The Aydar Lake (Aydar Ko‘li, Айдар кўли; Haydar ko‘li, Ҳайдар кўли; alternate spellings: Lake Aydarkul, Lake Aidarkul) is part of the man-made Aydar-Arnasay system of lakes, which covers 4,000 square kilometres (1,500 mi^{2}). This has 3 brackish water lakes (the two others being Arnasay and Tuzkan), deep basins of the south-eastern Kyzyl Kum (now in Uzbekistan and Kazakhstan). The lakes are expansive reservoirs of Soviet planning.

Being brackish rather than saline they have high rates of evaporation, prompting a moist summer microclimate, often attracting rain clouds, which has led to the replenishment of the North Aral Sea. It is also known as sea in the sand due to its wide sandy beaches and clean salty water.

==Diversions and Reservoirs above the South and North Aral Seas==

The system now provides close to original flows into the North (Small) Aral Sea, by which dams are being built to divorce the south, accelerating its recovery.

The south of Uzbekistan and north of Turkmenistan are considerably split by the Amu Darya, the river that is occasionally dry at its mouth today and which fed the South Aral Sea (as its sole river source). Among its diversions is Sarygamysh Lake west of Uzbekistan. It is 70 cubic kilometers, tapped from the lower river. The Amu Darya's turning over to irrigation and the lake mentioned (which sits much lower) denies the South Aral Sea most of its former inflow, provoking the latter's drying up, but enabling central Turkmenistan, among other zones, to have imported sources of river water.

==Background==

Up to the middle of the last century, the Arnasay lowland remained a dry salt pan most of the year. Only in Spring, in the lowlands, would the small, ephemeral Lake Tuzkan glisten briefly, disappearing in the hot weather.
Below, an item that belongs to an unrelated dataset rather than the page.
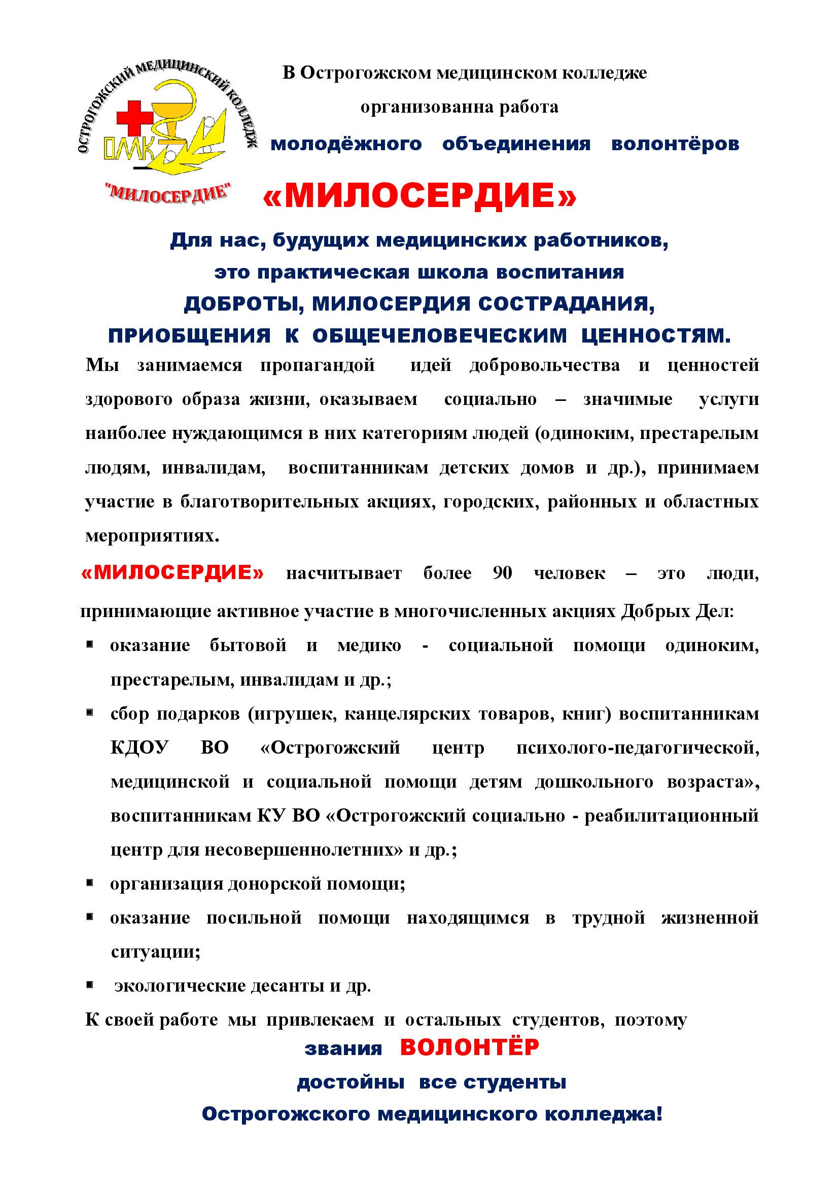 Волонтерский отряд "Горячие сердца"(направление "Милосердие")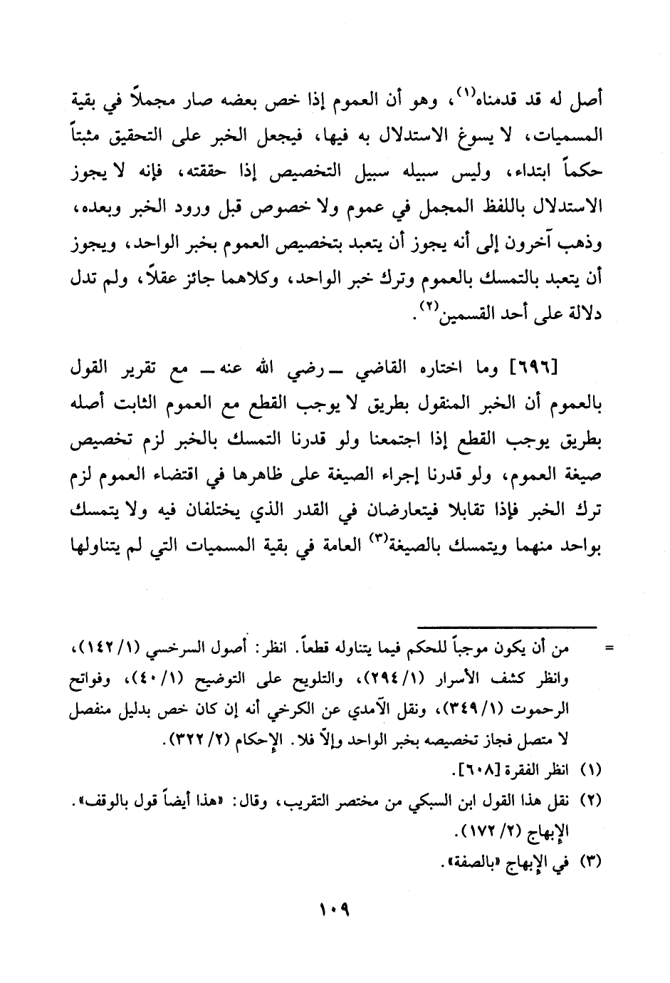 [696] وَمَا اخْتَارَهُ القَاضِي - رَضِي الله عَنهُ - مَعَ تَقْرِير القَوْل بِالْعُمُومِ أَن الْخَبَر الْمَنْقُول بطرِيق لَا يُوجب الْقطع مَعَ الْعُمُوم الثَّابِت أَصله بطرِيق يُوجب الْقطع إِذا اجْتَمَعنَا ولوقدرنا التَّمَسُّك بالْخبر لزم تَخْصِيص صِيغَة الْعُمُوم، وَلَو قَدرنَا إِجْرَاء الصِّيغَة على ظَاهرهَا فِي اقْتِضَاء الْعُمُوم لزم ترك الْخَبَر فَإِذا تقابلا فيتعارضان فِي الْقدر الَّذِي يَخْتَلِفَانِ فِيهِ وَلَا يتَمَسَّك بِوَاحِد مِنْهُمَا ويتمسك بالصيغة الْعَامَّة فِي بَقِيَّة المسميات الَّتِي لم يَتَنَاوَلهَا

In the early sixties the Syr Darya was dammed up. Simultaneously the Shardara Dam was constructed. Floodgates were provided in the dam for flood control. In 1969 they were opened during a raging flood. Between February 1969 and February 1970 almost 60% of the Syr Darya's average flow (21 km^{3}) was drained from the Shardara Reservoir into the Arnasay lowland. In such a way new lakes were made. Since 1969 the Aydar Lake has regularly received the waters of the Syr Darya River when they overflow the capacity of the Shardara Reservoir. This has gradually filled up the natural cavity of Arnasay lowland to create the third largest lake in Central Asia after Issyk Kul in Kyrgyzstan, and the Caspian Sea.

In 2005, the Aydar Lake contained 44.3 cubic kilometers of water. The lake covers 3000 km2. It is nearly 250 km long and up to 15 km wide. The mineralization of the water averages 2 grams per liter (2,000 ppm).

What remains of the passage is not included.